● SOURCE MATERIAL

----

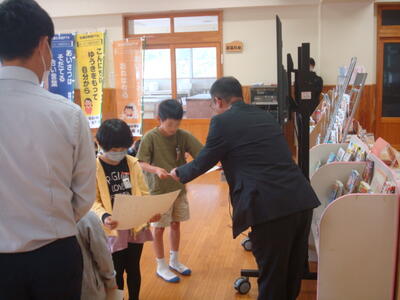 ↑ 県文集「ともだち」に作品掲載となった子どもの表彰です。
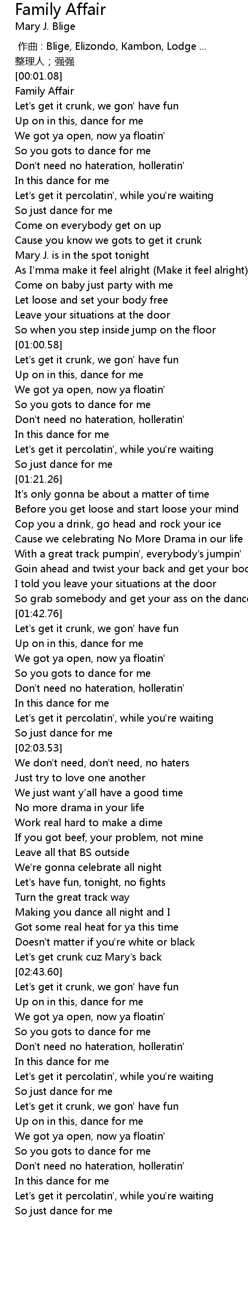 | [00:00.00] | 作曲 : Blige, Elizondo, Kambon, Lodge ... |
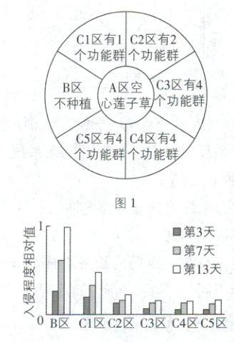 3. [重庆巴蜀中学 2025 高二月考]为研究某生态系统的植物功能群对空心莲子草入侵的影响,科研人员将一个圆形样地划分为 A 区、B 区和 C1~C5 区,除 A 区外,其余各区面积相同。各区种植情况如图 1 所示,其中 C3~C5 区中植物功能群数目相同但物种数目分别为 4、8、16。第 3、7、13 天测定 B、C 区空心莲子草入侵状况,得到图 2 所示结果。下列叙述正确的是( )

----

● EXERCISE BRIEF
Give the listing above again exactly, minus any images.

● SOLUTION TO THE EXERCISE
 ↑ 県文集「ともだち」に作品掲載となった子どもの表彰です。
 | [00:00.00] | 作曲 : Blige, Elizondo, Kambon, Lodge ... |
 3. [重庆巴蜀中学 2025 高二月考]为研究某生态系统的植物功能群对空心莲子草入侵的影响,科研人员将一个圆形样地划分为 A 区、B 区和 C1~C5 区,除 A 区外,其余各区面积相同。各区种植情况如图 1 所示,其中 C3~C5 区中植物功能群数目相同但物种数目分别为 4、8、16。第 3、7、13 天测定 B、C 区空心莲子草入侵状况,得到图 2 所示结果。下列叙述正确的是( )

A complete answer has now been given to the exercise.